We use the non-parametric Mann-Whitney U test to identify taxa that differ significantly between Lean and Obese individuals. Since we are testing hundreds of taxa, we must apply a Multiple Testing Correction (Benjamini-Hochberg FDR).

In [None]:
# Separate data into two groups
X_lean = X[y == 'Lean']
X_obese = X[y == 'Obese']

results = []
for taxon in X.columns:
    # Perform Mann-Whitney U test
    stat, pval = mannwhitneyu(X_lean[taxon], X_obese[taxon], alternative='two-sided')
    
    # Calculate mean abundance for each group
    mean_lean = X_lean[taxon].mean()
    mean_obese = X_obese[taxon].mean()
    
    # Calculate Log2 Fold Change (adding a small epsilon to avoid log(0))
    # Note: Using means of relative abundances
    l2fc = np.log2((mean_obese + 1e-6) / (mean_lean + 1e-6))
    
    results.append({
        'taxon': taxon,
        'p_value': pval,
        'mean_lean': mean_lean,
        'mean_obese': mean_obese,
        'log2fc': l2fc
    })

df_stats = pd.DataFrame(results)

# Apply Benjamini-Hochberg FDR correction
_, df_stats['fdr_q_value'], _, _ = multipletests(df_stats['p_value'], method='fdr_bh')

# Filter for significant taxa (FDR < 0.1 as a common discovery threshold in microbiome)
significant_taxa = df_stats[df_stats['fdr_q_value'] < 0.1].sort_values('fdr_q_value')

print(f"Found {len(significant_taxa)} significant taxa at FDR < 0.1")
significant_taxa.head(10)

In [None]:
# Volcano Plot
plt.figure(figsize=(10, 7))
df_stats['neg_log10_p'] = -np.log10(df_stats['p_value'])

sns.scatterplot(
    data=df_stats, x='log2fc', y='neg_log10_p', 
    hue=df_stats['fdr_q_value'] < 0.1, 
    palette={True: 'crimson', False: 'lightgrey'}, alpha=0.6
)

plt.axhline(-np.log10(0.05), color='black', linestyle='--', alpha=0.5)
plt.title("Volcano Plot: Taxa associated with Obesity")
plt.xlabel("Log2 Fold Change (Obese / Lean)")
plt.ylabel("-Log10 p-value")
plt.show()

# 3. Predictive Modeling

Can we predict if a person is Lean or Obese based on their microbiome?
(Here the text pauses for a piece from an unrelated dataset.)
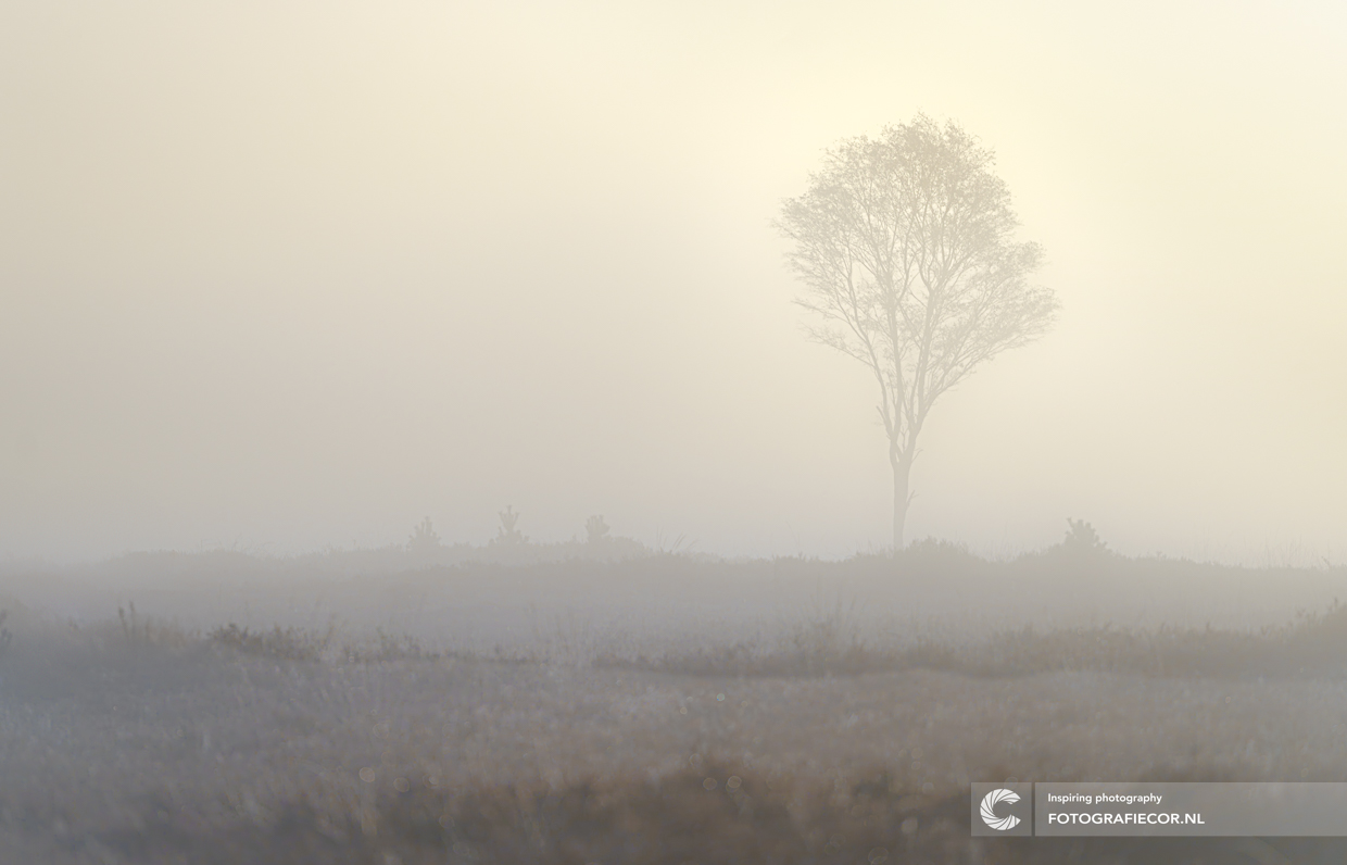 Dichte nevel of ochtendmist drukt haar stempel op het landschap en bedekt de wereld in een dikke sluier van mystiek. De zon komt langzaam op en schijnt met haar eerste lichtstralen over de verlaten heide. De contouren van een grote, fier en rechtopstaande berkenboom, doemen langzaam op uit de mist. Verlaten en eenzaam staat die in nevelen gehuld en word langzaam zichtbaar tegen de schitterende pastelkleuren van de zonsopkomst.

We use Logistic Regression with L1 regularization (Lasso) to both predict and identify the most important features.

In [None]:
# Encode target
y_numeric = (y == 'Obese').astype(int)

# Log transform X (as seen in Challenge 3)
X_ml = np.log10(X + 1e-6)

# Build Pipeline
pipe = Pipeline([
    ('scaler', StandardScaler()),
    ('clf', LogisticRegression(penalty='l1', solver='liblinear', C=1.0, class_weight='balanced'))
])

# Evaluation with Stratified K-Fold
skf = StratifiedKFold(n_splits=5, shuffle=True, random_state=42)

aucs = []
plt.figure(figsize=(8, 6))

for i, (train_index, test_index) in enumerate(skf.split(X_ml, y_numeric)):
    X_train, X_test = X_ml.iloc[train_index], X_ml.iloc[test_index]
    y_train, y_test = y_numeric.iloc[train_index], y_numeric.iloc[test_index]
    
    pipe.fit(X_train, y_train)
    y_score = pipe.predict_proba(X_test)[:, 1]
    
    fpr, tpr, _ = roc_curve(y_test, y_score)
    roc_auc = auc(fpr, tpr)
    aucs.append(roc_auc)
    
    plt.plot(fpr, tpr, lw=1, alpha=0.3, label=f'ROC fold {i} (AUC = {roc_auc:.2f})')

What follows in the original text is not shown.